IN HIS HANDS

Disclaimer: This excerpt contains adult content and is not suitable for readers under the age of eighteen (18). By reading further, you acknowledge that you are at least eighteen (18) years of age.




As Jack slipped the key into the ignition, he glanced up into the rearview mirror, then yelped in surprise. A woman sat in the backseat, unmistakable despite the shadows. “Laura?” he gasped, then whirled around in the seat to face her. “Jesus Christ, where did you…”
“I’m cold,” she whispered, and now he could see that her eyes were glossy, swimming with tears. She wore only the red slip dress again, her arms wrapped around her narrow frame as she trembled. “Please, I…I’m so cold.”
“Here.” Shifting his weight, he unzipped the front of his coat. He shrugged it off, then leaned over the center console to tuck it around her shoulders. “Laura, listen to me.” He smoothed her hair back, then cupped his hand to her face, drawing her gaze. “How did you get in my car?”
She shook her head. “I don’t know.”
“Where did you come from?”
“I don’t know,” she whimpered again. “I can’t remember.” Then, with a hesitant glance over her shoulder out the back window, she said, “But she’s after me again. She was chasing me.”
“Who?” Jack pressed.
Her bottom lip drew in beneath the edge of her upper teeth. “I don’t know,” she whispered. “But she can fly.”
“What?” Jack cocked his brow, dubious.
“I heard her,” Laura insisted, her eyes round and urgent. “In the tree tops. She was flying through the trees, trying to find me. I heard her laughing.” She blinked at him, mournfully. “You don’t believe me.” Covering her face with her hands, she began to cry.
“Hey.” Leaning further in the seat, he touched her face again. “I didn’t say—”
“Help me.” She caught his hand between her own, clutching at him with a frantic sort of desperation. “Please,” she whispered, her cheeks tear-streaked and glistening. “Help me.”
The car stereo snapped on all at once, completely of its own accord, tuned to a sudden, ear-splitting volume. A shrieking guitar riff tore through the Jeep at what sounded like at least one hundred and eighty decibels.
“Shit,” Jack exclaimed, reaching for the radio, pawing at the control as Laura shrank back in her seat, clapping her hands over her ears. No matter which direction he turned the knob, the volume only spiked higher, thrumming through the entire chassis.  At the same time, all of the dashboard lights began flashing and blinking, manic and strobe-like, while the dome light overhead burst into life. Its dim yellow glow grew progressively brighter and brighter, until the little bulb inside burst, shattering the plastic fixture cover, sending a spray of broken, jagged fragments flying.
Jack yelped, then, from the backseat, Laura uttered a shrill wail. He glanced up past the dash, beyond the windshield, just as something enormous came swooping down directly at them. He didn’t get a good look at it, no more than a split-second glance, but he could have sworn it was a woman, her skin as alabaster as the surface of a glacier, her body nude, her lips pulled back in a gruesome snarl to reveal a mouthful of wickedly hooked teeth.
And she had wings.
“Shit!” He threw his arms up to protect his face as the woman crashed headlong into the windshield, shattering it in a sudden spray of high velocity glass shards.

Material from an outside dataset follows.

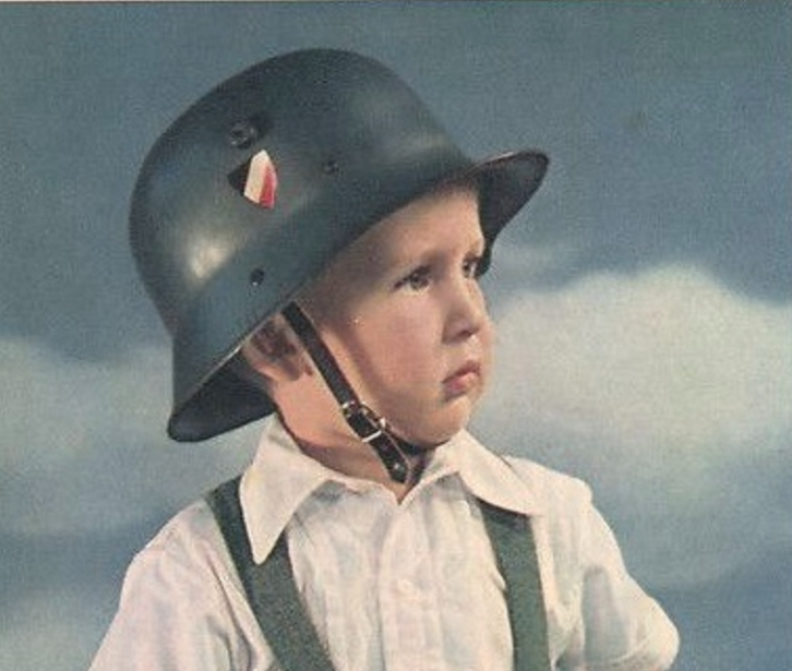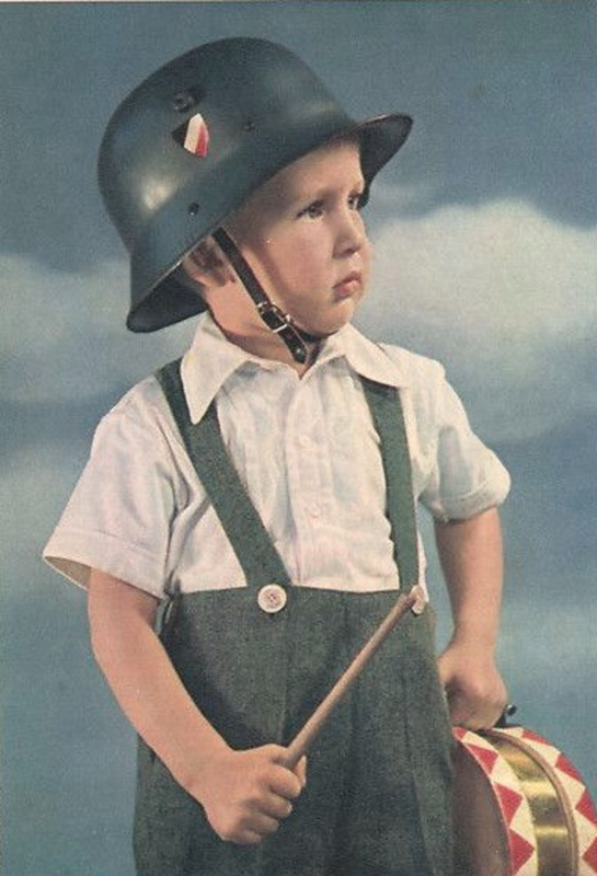 Ein Musiker, Nice kiddie helmet, seems to me all these kiddie helmets then would be a light weight metal right, just like the doughboy helmets here in America then, plastic ones not coming out till the 50s-even 60s. Photo taken of course sometime in the 30s

The Jeep’s alarm went off, the horn blatting out in a disharmonic din to accompany the blaring stereo. The headlights blinked and flashed, the wiper blades flopped crazily back and forth against the gaping maw where the windshield had once been and all at once, the airbag deployed. It sounded like a shotgun blast leveled squarely at his face, and Jack’s head snapped back as it knocked the breath from him, stunning him momentarily senseless.
Reaching blindly, he pawed for the door handle. He tumbled out of the Jeep, his ears ringing, his head swimming. As he staggered away, he looked around wildly for the woman who had struck his car. Somehow he’d lost sight of her after she hit the windshield, and there was no sign of her now—no body crumpled against the hood or roof of his Jeep, or on the pavement nearby. There was no blood, nothing except a small crowd gathering nearby to watch the spectacle with curious expressions.
“Where’d she go?” he cried to the nearest bystander. “The woman who hit my car! She just…Jesus Christ, she flew right into the windshield. Did you see her? Where did she go?”
The man shook his head, mute and dumbfounded, as he backed away nervously, as if Jack was foaming at the mouth. Laura hadn’t gotten out of the Jeep yet, and he floundered back toward the truck.
“Laura?” To his surprise, he found the cab now conspicuously empty. Like the winged woman, Laura, too, had seemingly vanished.
“Laura?” Stupidly, he reached out, leaning past the driver’s seat and patting his hands against the upholstery, as if he needed palpable evidence to be certain. Against the interior of the Jeep, he caught sight of new reflected lights flashing, these red and blue. Biting back a groan, he turned to find a South Lake Tahoe police cruiser pulling in to the parking lot immediately behind him.
Oh, shit, he thought, as a uniformed officer stepped out to face him.